Barge: a vessel used mainly in inland water transportation. It typically is not powered. A set of barges, perhaps a half dozen or more, may be grouped into a “tow” which is propelled by a tugboat. The advantage of a barge is that, like a trailer in a tractor-trailer combination, it can be left at a loading or unloading point to be loaded or unloaded over a period of hours or days while the tugboat moves on to other activities.

Base stock policy: An inventory policy whereby, whenever a demand occurs, an order is immediately made to replace the amount sold.

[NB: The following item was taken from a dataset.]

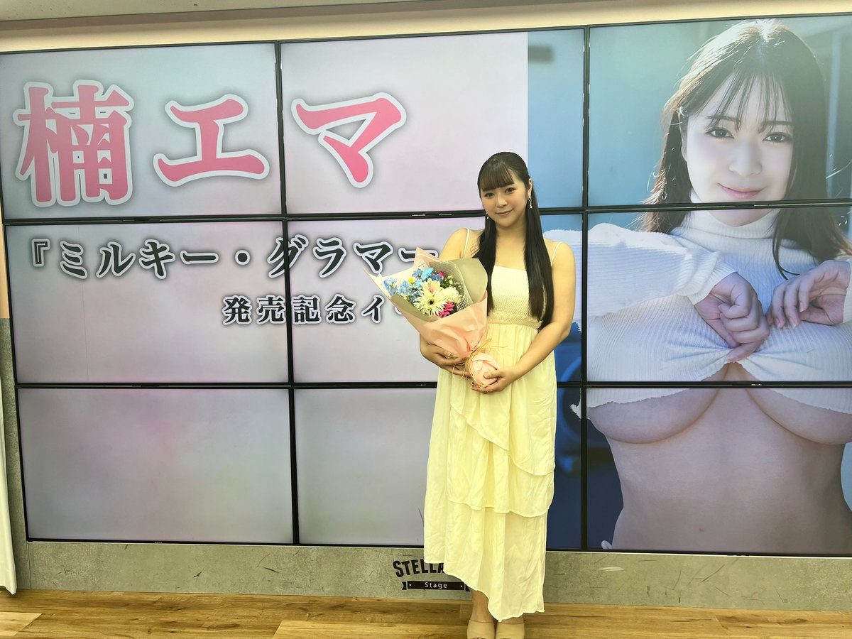 グラビアアイドルのが4月29日、都内で行われたイメージDVD「ミルキー・グラマー」(竹書房)の発売記念イベントに出席。イベント前に囲み取材に応じた。

It is a Q,r policy with Q = 1. See JIT.

Bathtub curve: A typical shape for the failure rate curve for many pieces of equipment (i.e., the conditional probability of failure in the next hour) is to start high due to the “birth defects” new equipment may have, decrease to a low fairly constant rate for a long period of time, and then increase again as the equipment reaches “old age”. See also failure rate curve, MTBF, IFR, and DFR.

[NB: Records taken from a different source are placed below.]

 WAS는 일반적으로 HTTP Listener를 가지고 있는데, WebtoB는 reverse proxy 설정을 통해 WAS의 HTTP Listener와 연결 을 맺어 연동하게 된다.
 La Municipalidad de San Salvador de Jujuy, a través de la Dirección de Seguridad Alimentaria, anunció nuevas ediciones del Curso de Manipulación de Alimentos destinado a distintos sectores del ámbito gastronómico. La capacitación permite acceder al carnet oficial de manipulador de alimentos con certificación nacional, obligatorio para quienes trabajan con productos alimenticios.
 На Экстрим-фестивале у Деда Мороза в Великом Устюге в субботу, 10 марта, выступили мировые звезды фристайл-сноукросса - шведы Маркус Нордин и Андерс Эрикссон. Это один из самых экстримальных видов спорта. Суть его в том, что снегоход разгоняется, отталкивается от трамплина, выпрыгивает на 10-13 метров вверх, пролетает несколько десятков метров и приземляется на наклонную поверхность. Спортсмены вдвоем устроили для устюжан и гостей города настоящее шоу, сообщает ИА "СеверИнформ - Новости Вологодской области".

Bay: an open area in a building such as a warehouse, unimpeded by pillars. Thus, a building with n rows of interior pillars would have n+1 bays. If an overhead crane is used for moving material, it can usually move only within one bay.

Beer game: A business game composed of a four level supply chain. Early members of the chain (e.g., the manufacturer) do not see final demand directly, but only indirectly via the information, mainly in the form of orders received from their immediate downstream customer. Small fluctuations in retail demand typically cause big fluctuations in demand seen by the manufacturer, illustrating the bull-whip effect.

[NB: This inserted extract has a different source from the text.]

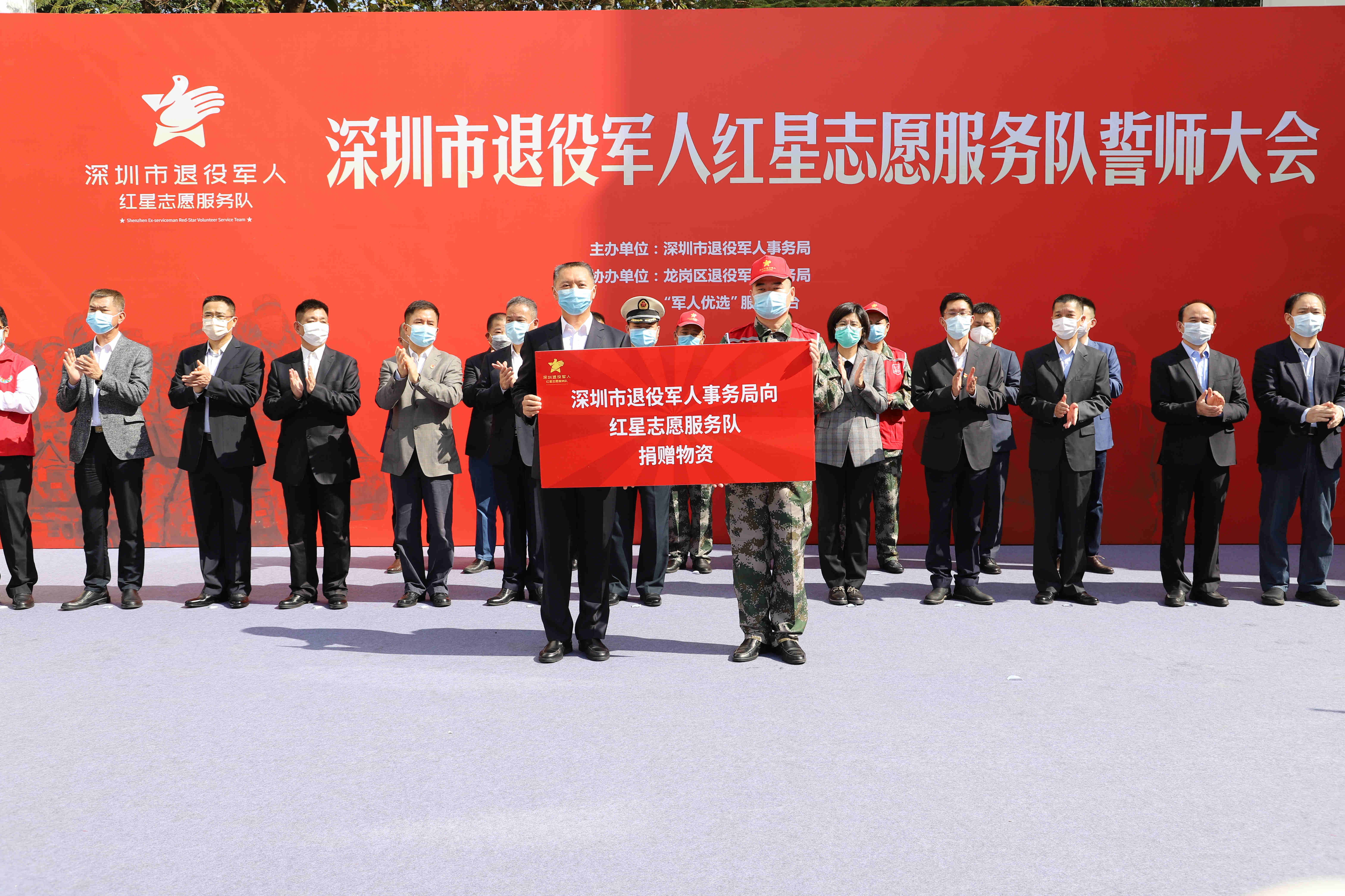 深圳市退役軍人事務局局長張悅華向紅星志願服務隊捐贈物資

Bill of Lading: A binding legal contract between a shipper and a carrier for each load picked up by the carrier from the shipper. It lists the items picked up and the address to which they are to be delivered. It is the shipper’s receipt from the carrier.

Binomial distribution: Suppose your product is in use by n customers. On any given day, any given customer will generate a service call request with probability p, independent of other customers. A service call request requires a trip to the customer, which takes a full day. Then, the number of service requests in a day has a binomial distribution with parameters n and p. The probability of exactly k service requests in a day is pk(1-p)n-k n!/(k!(n-k)!). The mean of the distribution is np, the variance in the number of service requests is np(1-p). For example, if n = 6 and p = .1, then the probability of k = 0 service requests is .96 = .531441. The probability of 1 request is .1*.95*6!/5! = .354294. The probability of 2 requests is .12*.94 *15 = .098415. The binomial distribution with parameters n and p, converges to the Poisson distribution with mean np, as n gets large and p gets small. The binomial converges to the Normal distribution if p is close to .5 and n gets large.

BOM (Bill of Material): A listing for each product or sub-assembly of all the components or subassemblies that go into it and how many are required. See also MRP.

Bonded storage: secure storage for product for which taxes, such as excise tax, may become due when product leaves storage, depending upon its destination. The warehouse owner guarantees to tax/tariff collecting agencies that product will not be released without payment of any taxes due depending upon where the product is shipped.

Box car: A covered rail car, typically loaded and unloaded via forklift through doors on either side. This is typically forty to fifty feet long. In contrast, see flat, hopper and tank car.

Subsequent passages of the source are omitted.